(Dataset items)
------------------------

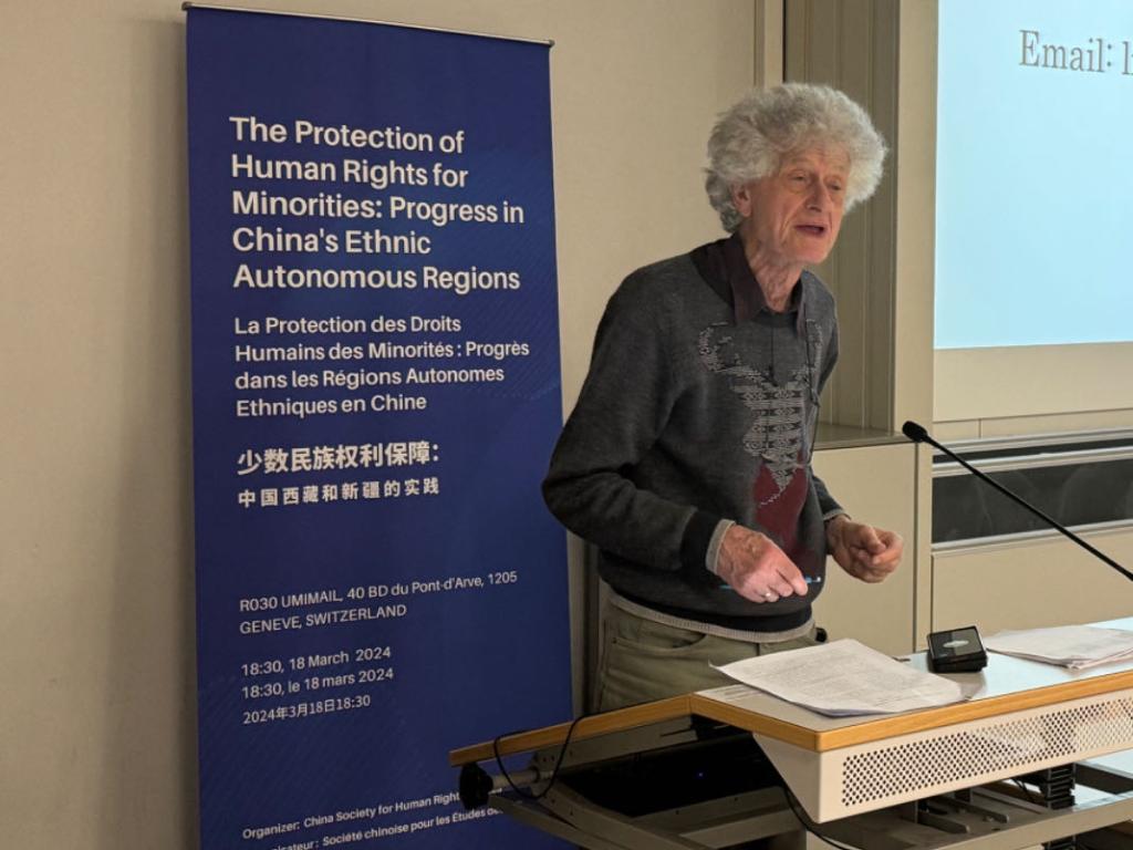 3月18日,由中國人權研究會(hui) 主辦的“少數民族權利保障:www.easyfundingllc.com和新疆實踐”主題講座在瑞士日內(nei) 瓦舉(ju) 行。圖為(wei) 比利時知名藏學家安德烈·拉克魯瓦在講座上發言。新華社記者石鬆攝
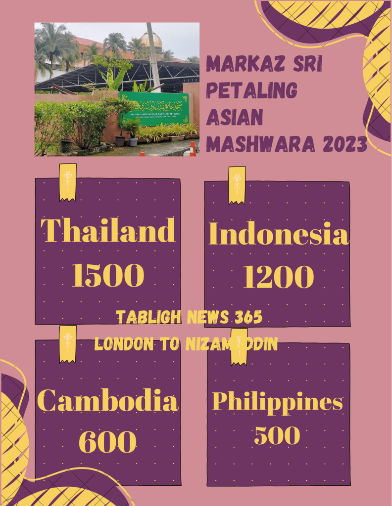 Thailand ๐น๐ญ, Indonesia ๐ฎ๐ฉ, Cambodia ๐ฐ๐ญ, Philippines ๐ต๐ญ are the most participating countries of Asian Mashwara. Thailand will sending top numbers of attendees near about 1500, Second Indonesia send near about 1200, Third Cambodia send near about 600 & Philippines will sending near about 500 attendees. Although there are many jamats ready at the moment, only a limited number of Jamaat can go due to Malaysian quota.
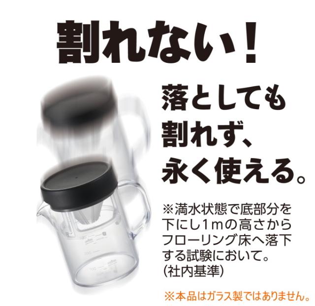 割れないプラスチック製コーヒーサーバーにコンパクトな専用ドリッパーがプラス。 コーヒーサーバー本体内にドリッパーが収納できるので、かさばらず持ち運びにも便利! アウトドアにもおすすめです。 サーバーはスマートなビーカータイプ。 食器洗い乾燥機対応。 ペーパーフィルタは「円すい形」1〜2人用をご使用ください。 |
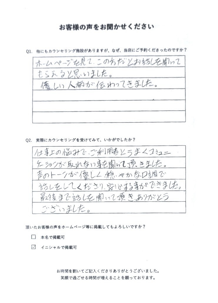 声のトーンが優しく、穏やかな口調で話しをしてくださり、安心する事ができました。最後まで話しを聞いて頂き、ありがとうございました。
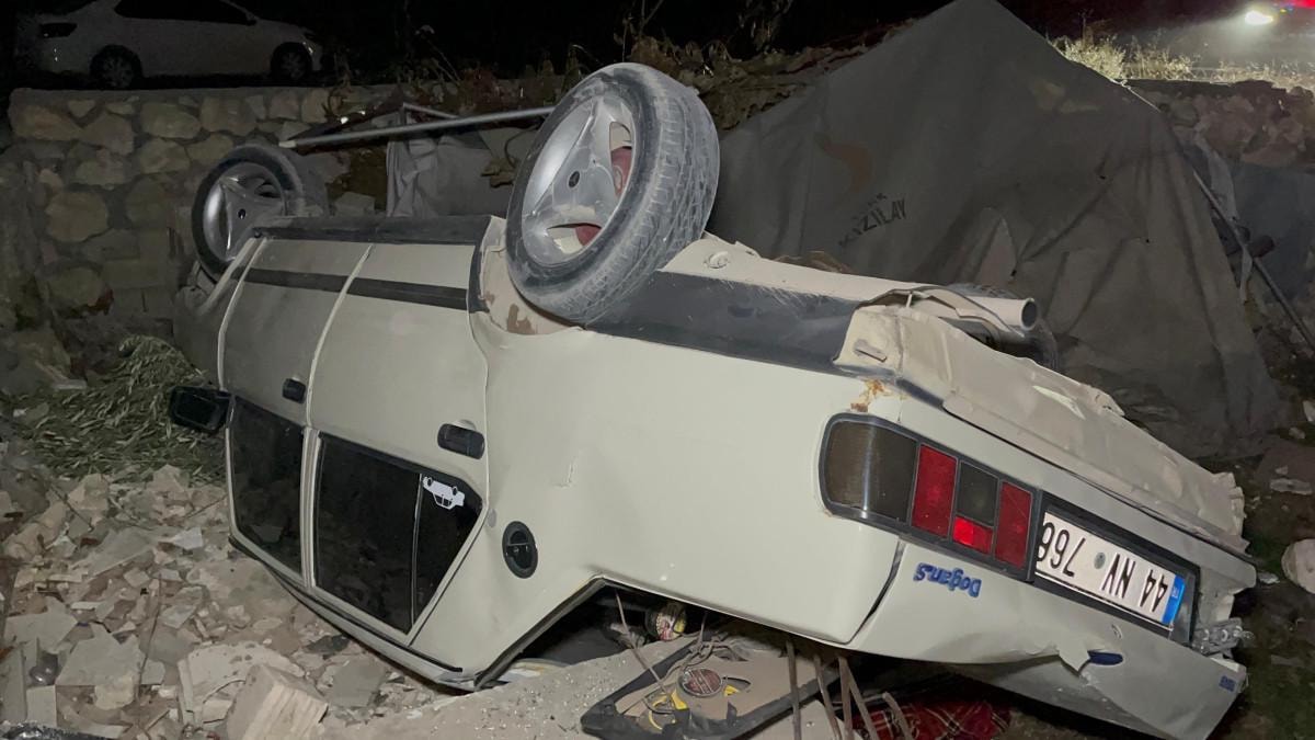 Ters dönen otomobilde bulunan isimleri belirlenemeyen 2 kişi hafif şekilde yaralandı.
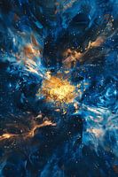 Dit werk verbeeldt een explosieve uitbarsting van licht in blauwe en gouden tinten, die doet denken aan een kosmische explosie of een storm van sterren. De energieke vormen en het krachtige kleurenpalet maken dit schilderij tot een dynamisch en inspirerend kunstwerk dat de kijker in zijn ban houdt.
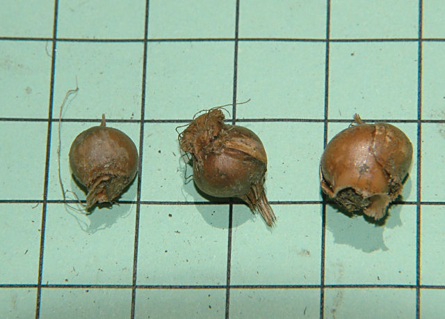 Romulea subfistulosa M.P.de Vos grows on dolerite flats from Calvinia to the Roggeveld Escarpment. It is pink with dark blotches at the edge of a yellow cup. Height: 15-30 cm. The first one shown below is grown by Alan Horstmann in South Africa, photographed by Bob Rutemoeller and the next two photos are from Bob Werra. The last photo taken by Mary Sue Ittner shows corms on a 1 cm grid. The smaller ones are two years old.
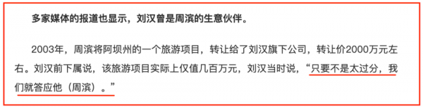 2001年,周滨在四川有一个旅游项目,因为开发难度过大,想要转让。刘汉得知这个消息后,自告奋勇花2000万买了下来。
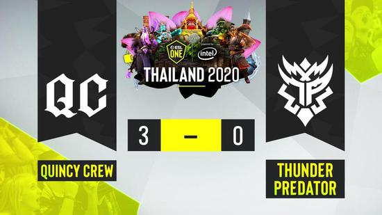 8月31日,ESL One泰国站美洲赛区决赛,Quincy Crew以3:0的比分击败了Thunder Predator夺得了冠军。
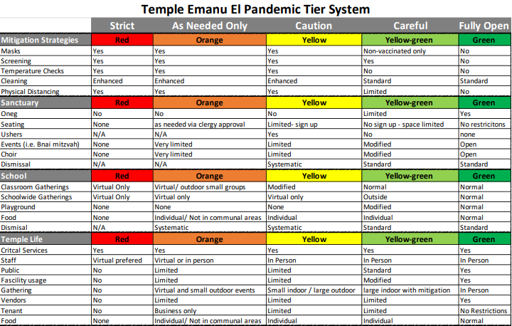 In accordance with the regional/local data and CDC recommendations, we are excited to announce that the temple will loosen its COVID risk tier to the yellow/green category.
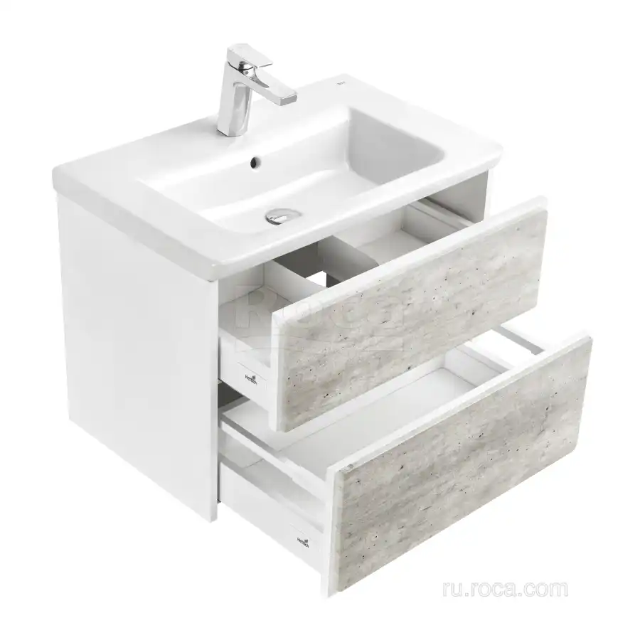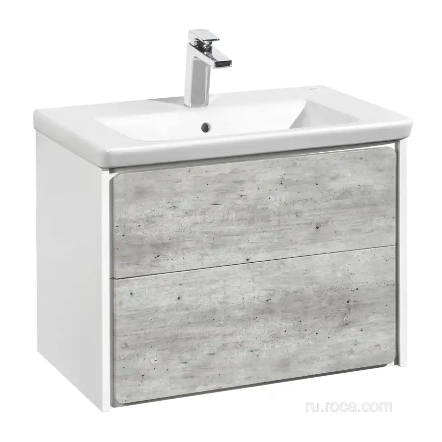 Тумбы под раковину Roca Ronda 70 ZRU9303003 подвесная, цвет, Белый матовый / Бетон в современном стиле от испанского бренда Roca, выполненная из высококачественной МДФ, с ящиками полного выдвижения с системой push-to-open.
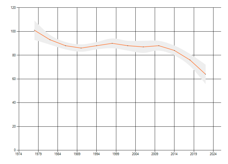 Gemiddelde trend van het aantal kilometerhokken waarin de soort voorkomt, weergegeven als indexcijfer (1975-1978 = 100).
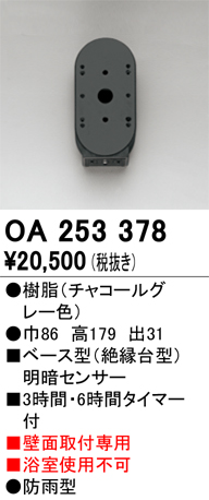 OA253378 屋外用ベース型明暗センサ 壁面取付型 色:チャコールグレー
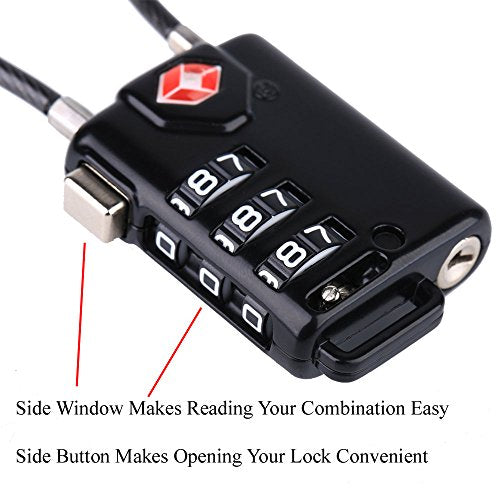 - SECURITY WITH THE FLEXIBILITY OF A CABLE LOCK. Cable locks can handle situations that normal lock shackles simply can't. Our lock's cable is thin enough to thread through all standard sized zippers and hard case lock holes but strong enough to protect your belongings. At a length of 4 in from end to end and an internal looped length of 1.5 in when locked, our cable offers the flexibility to secure nearly any suitcase, hard case, gun case, etc. on the market.
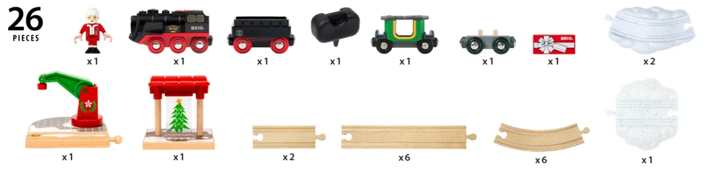 Sada obsahuje 27 dílů včetně parní lokomotivy na baterie, zásobníku vody, dvou vagónků, jeřábu, polárního nádraží, zasněžených a dřevěných kolejnic, figurky Santu i označení Severního pólu.
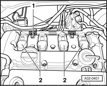 Spark plugs are located under ignition coils with power output stages - 2 -.
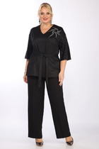 Длина жакета по спинке около 68,5 в размерах 40-46 и около 71,5 см в размерах 48-52, длина рукавов около 63 см. Длина брюк по боковому шву с поясом около 114 см в размерах 40-46 и около 115,5 см в размерах 48-52. Длина по внутреннему шву около 83 см
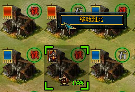 资源争夺战战场界面,在界面中可以点击临近的资源点,如果是本方资源点,系统提示为“移动到此”,如果是临近的敌方资源点,系统提示为“攻击此处”:
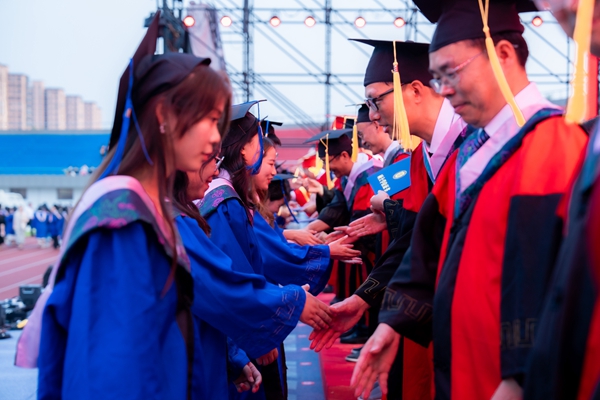 在學(xué)位授予儀式上,校領(lǐng)導(dǎo)班子成員、教師代表為獲得碩士學(xué)位和學(xué)士學(xué)位的學(xué)生正冠撥穗、頒發(fā)學(xué)位證書(shū)并合影留念。
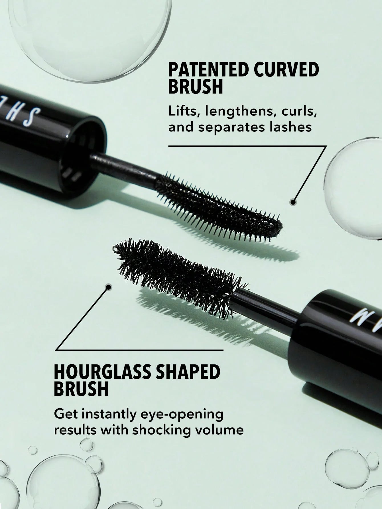 Brush 1: Lifted and Luscious Eyelashes Our patented silicone brush has a curved silhouette with nine rows of bristles and two loading arches. It’s designed to perfectly sweep up every last lash – even the tiniest ones. Our volumizing formula glides effortlessly through your eyelashes to create a volumized, lifted, and curled look.
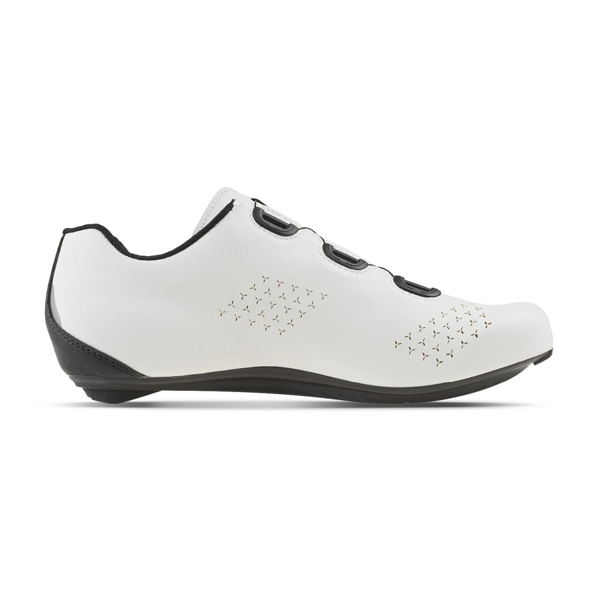 Cette semelle est faite du nylon enrichi en carbone pour effectuer une rigidité optimale. La hauteur moindre provoque un pédalage rond sans dispersion d’énergie. La forme de la semelle autour de la voûte plantaire accroît la stabilité du pied. Cinq orifices d’aération ventilent la chaussure. Il y a dans la semelle un complément adhérent à la pointe et un remplaçable au talon. La semelle possède également une échelle d’orientation pour bien positionner les cales. Indice de rigidité de la semelle: 8.
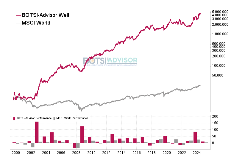 Der BOTSI®-Advisor (BOTSI® steht für Best-of-Trends-System-Investment) ist ein nach neuesten wissenschaftlichen Erkenntnissen zur Trendfolge entwickelter Anlageroboter zur aktiven Steuerung von Aktienportfolios. Mit seiner Hilfe werden im wöchentlichen Turnus die jeweils trendstärksten Aktien aus einem großen Anlageuniversum rein regelbasiert herausgefiltert und in ein Musterdepot aufgenommen. Die Titelauswahl basiert dabei ausschließlich auf solchen Trend- und Momentum-Indikatoren, deren Mehrwert in international renommierten wissenschaftlichen Studien nachgewiesen wurde.

------------------------

Exercise details:
Print exactly, with no pictures, the lines above from the one that holds "Gemiddelde trend van" through the one that holds "OA253378 屋外用ベース型明暗センサ 壁面取付型 色:チャコールグレー", both of them included.

Output for this exercise:
 Gemiddelde trend van het aantal kilometerhokken waarin de soort voorkomt, weergegeven als indexcijfer (1975-1978 = 100).
 OA253378 屋外用ベース型明暗センサ 壁面取付型 色:チャコールグレー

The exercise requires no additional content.